1In Administrator, select Connections.
2Click New Connection.
3In the Connection Details section, enter the following connection details:
Connection property
Description
Connection Name
Name of the connection.
Each connection name must be unique within the organization. Connection names can contain alphanumeric characters, spaces, and the following special characters: _ . + -,
Maximum length is 255 characters.
Description
Description of the connection. Maximum length is 4000 characters.
4Select the Amazon Redshift V2 connection type.
5Enter properties specific to the Amazon Redshift connection:
Property
Description
JDBC URL
The JDBC URL to connect to the Amazon Redshift cluster.
You can get the JDBC URL from your Amazon AWS Redshift cluster configuration page.
Enter the JDBC URL in the following format:
jdbc:redshift://<cluster_endpoint>:<port_number>/<database_name>, where the endpoint includes the Redshift cluster name and region.
For example, jdbc:redshift://infa-rs-cluster.abc.us-west-2.redshift.amazonaws.com:5439/rsdb
In the example,
- infa-rs-qa-cluster is the name of the Redshift cluster.
- us-west-2.redshift.amazonaws.com is the Redshift cluster endpoint, which is the US West (Oregon) region.
- 5439 is the port number for the Redshift cluster.
- rsdb is the specific database instance in the Redshift cluster to which you want to connect.
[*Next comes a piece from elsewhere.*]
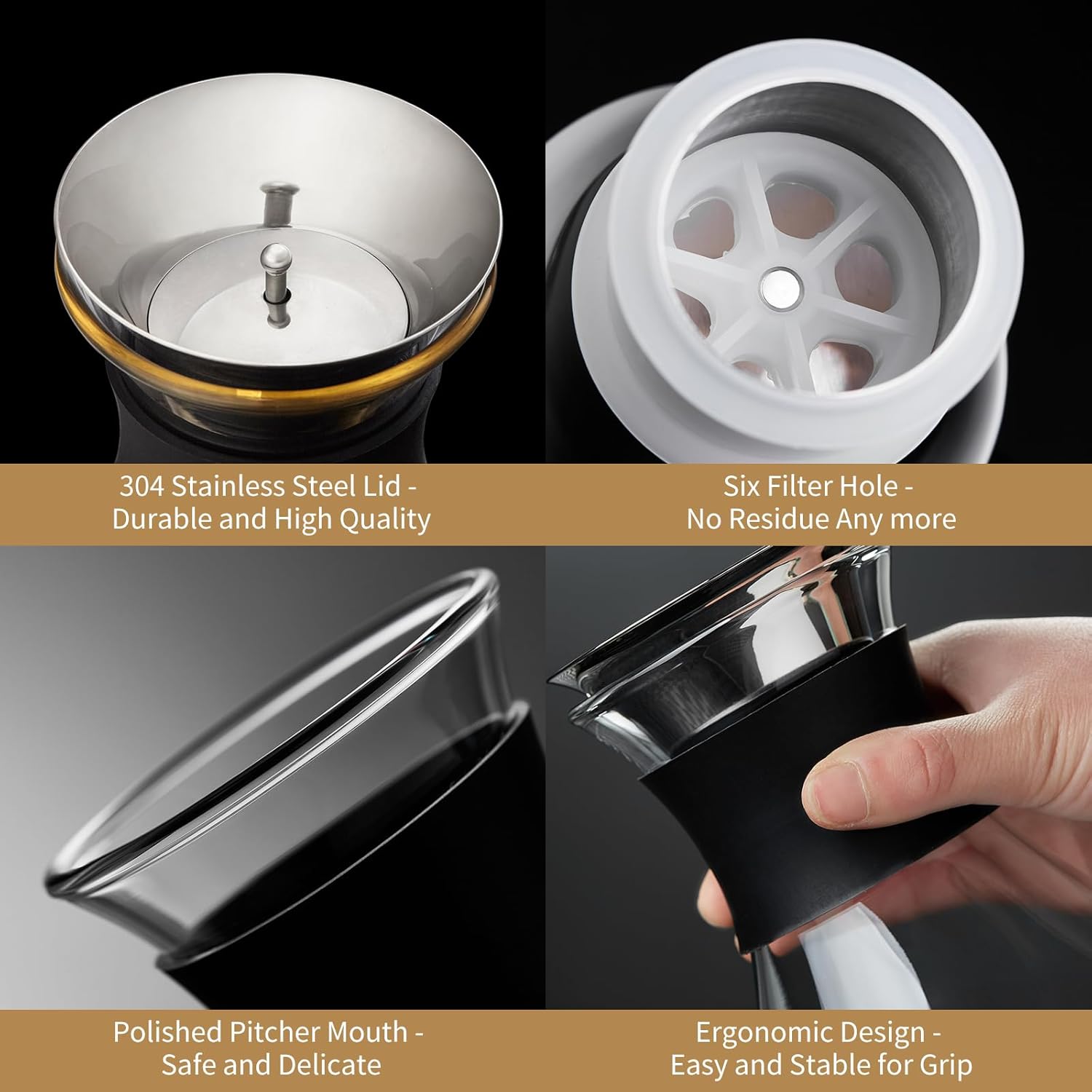 - Ergonomic Bird Beak Spout: Designed with a bird beak spout for precise pouring, this pitcher minimizes spills and drips, ensuring a clean and efficient experience every time

6Select the Default authentication type.
7Enter the following connection details:
Property
Description
Username
User name of your database instance in the Amazon Redshift cluster.
Password
Password of the Amazon Redshift database user.
8Click Test Connection.
9Click Save.
Create endpoint catalog sources for connection assignment
An endpoint catalog source represents a source system that the catalog source references. Before you perform connection assignment, create endpoint catalog sources and run the catalog source jobs.
You can then perform connection assignment to reference source systems to view complete lineage with source system objects.
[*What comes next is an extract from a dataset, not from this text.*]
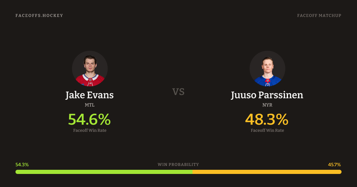 Jake Evans vs Juuso Parssinen — Faceoff Head-to-Head

Import a relationship inference model
Import a relationship inference model if you want to configure the relationship discovery capability. You can either import a predefined relationship inference model, or import a model file from your local machine.
1In Metadata Command Center, click Explore on the navigation panel.
2Expand the menu and select Relationship Inference Model. The following image shows the Explore page with the Relationship Inference Model menu:
3Select one of the following options:
- Import Predefined Content. Imports a predefined relationship inference model called Column Similarity Model v1.0.
- Import. Imports the predefined relationship inference model from your local machine. Select this if you previously imported predefined content into your local machine and the inference model is stored on the machine.
To import a file, click Choose File in the Import Relationship Inference Model window and navigate to the model file on your local machine. You can also drag and drop the file.
The imported models appear in the list of relationship inference models on the Relationship Discovery tab.